AMZN Amazon.com, Inc. 
CRM Salesforce, Inc. 
CSCO Cisco Systems, Inc. 
GOOGL Alphabet Inc. 
IBM International Business Machines Corporation
INTC Intel Corporation
META Meta Platforms, Inc. 
MSFT Microsoft Corporation
NFLX Netflix, Inc. 
NVDA NVIDIA Corporation
ORCL Oracle Corporation
TSLA Tesla, Inc. 

Why did we choose this data set?

While stock prices represent a familiar dataset, our decision to focus on it stems from a meticulous evaluation of both technical and analytical considerations. Given that stock prices embody a convergence of market sentiment and company performance, delving into this dataset promises valuable insights. Analyzing the trends and drivers within it empowers investors to make well-informed decisions.

The dataset itself is well-structured, comprising two tables. One table provides essential information such as date, open, and close, while the other details the associated company names.

Spanning nearly a decade, this dataset offers a unique vantage point to observe trends from the post-financial crisis era to the third wave of the COVID-19 pandemic. Our objective is to create impactful visualizations for the top 14 big tech companies, aiming for a comprehensive understanding of how the tech industry has been perceived in the market during this significant timeframe.

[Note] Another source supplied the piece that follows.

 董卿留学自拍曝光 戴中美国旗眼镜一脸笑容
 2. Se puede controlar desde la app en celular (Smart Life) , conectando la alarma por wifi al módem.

In essence, our engagement with this dataset transcends mere technical considerations; it extends to encompass analytical aspects, enabling us to make well-informed decisions within the confines of the provided data.

Questions

The two questions to be answered are:

  1. Which companies have experienced the highest/lowest impact on their stock prices due to the pandemic?
  2. What patterns do we see in the positive gain days over the given period?

Analysis plan

We will be employing the following approaches to address the questions posed.

Approach for question 1

The inquiry involves examining the impact of the pandemic on stock prices within a specific time-frame. To achieve this, we focus on key features: “dates” (to identify the pandemic period) and “stock price” (utilizing adj_close). The “Pandemic Period” is defined as starting from the year 2020, enabling us to assess stock prices during this particular time-frame. Calculations include determining the average returns within this period, as well as 2- and 5-year returns, along with their respective peak prices. The impact is measured by the variance in stock prices, considering the returns over 2 years, and 5 years. This approach offers a comprehensive overview of the overall impact on a company’s stock price.

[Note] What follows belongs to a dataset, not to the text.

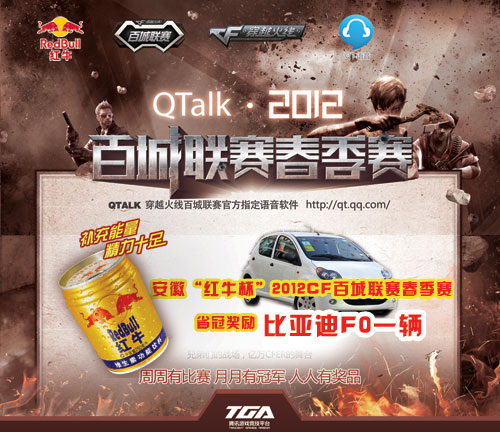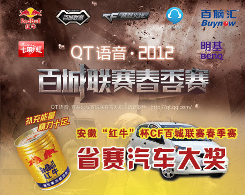 由腾讯安徽办事处联合红牛饮料安徽分公司主办,合肥百脑汇、合肥山水数码科技协办,安徽大安文化传播有限公司承办的2012年“红牛杯”CF百城联赛春季赛省决赛,本周末将进行巅峰对决,看谁能最终登顶安徽之巅,看谁能赢得高额现金奖励以及汽车大奖,即将一见分晓。月冠队伍,战起来!你们要用手中的钢枪拼死捍卫战队的荣誉,不容敌人前进一步,用热血谱写胜利的战歌。准备好了吗?你到底行不行,赛场见!
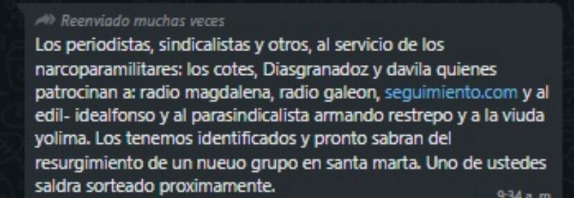 La tensión incrementa en Santa Marta después de que circularan chats de WhatsApp en donde se amenaza a distintos líderes y medios de comunicación del departamento. Sin identificarse, los remitentes advierten que “los tienen identificados y pronto sabrán del resurgimiento de un nuevo grupo armado en Santa Marta”. Finalmente, se anunció que una de las personas mencionadas “saldrá sorteado próximamente”.

This visualization can be achieved using geom_line() , geom_bar() and annotations can be added using annotate(). Facets and colors will be employed to differentiate between the top big tech companies with the highest and lowest impact in terms of returns.

Note: Given that we only have access to stock prices, establishing causality regarding the impact of stock prices in relation to COVID-19 may pose challenges. So, instead we will be observing trends and returns.

Approach for question 2

To analyze gaindays in stock prices across different companies, we will create this variable using open and close values.

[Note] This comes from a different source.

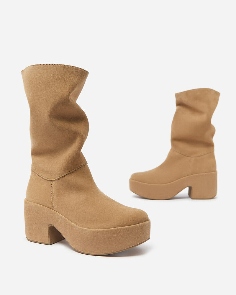 # PLATFFORM Slouch Boot Discover relaxed elegance with the PLATFFORM Slouch Boot, featuring sumptuous all-over suede construction. This laid-back design offers a comfortable, forgiving fit that adapts to your foot's natural shape. The cushioned platform sole delivers reliable support for all-day wear, while the soft suede upper provides a luxurious touch. Whether you're running errands or heading out for the evening, this versatile boot pairs effortlessly with your everyday wardrobe. Experience the perfect balance of comfort, support, and understated sophistication.

Utilizing this data, we plan to visualize weekdays using the weekdays() function from base R. Additionally, we will augment our dataset with an additional column for year and quarter to facilitate more granular analysis.

Our visualization strategy may involve using geom_density_ridges() or geom_col() to determine the most effective representation. To enhance clarity, facets and colors will be employed to distinguish between companies and periods of interest.

This approach is expected to yield valuable insights into stock price trends, allowing us to uncover patterns related to stock gain days.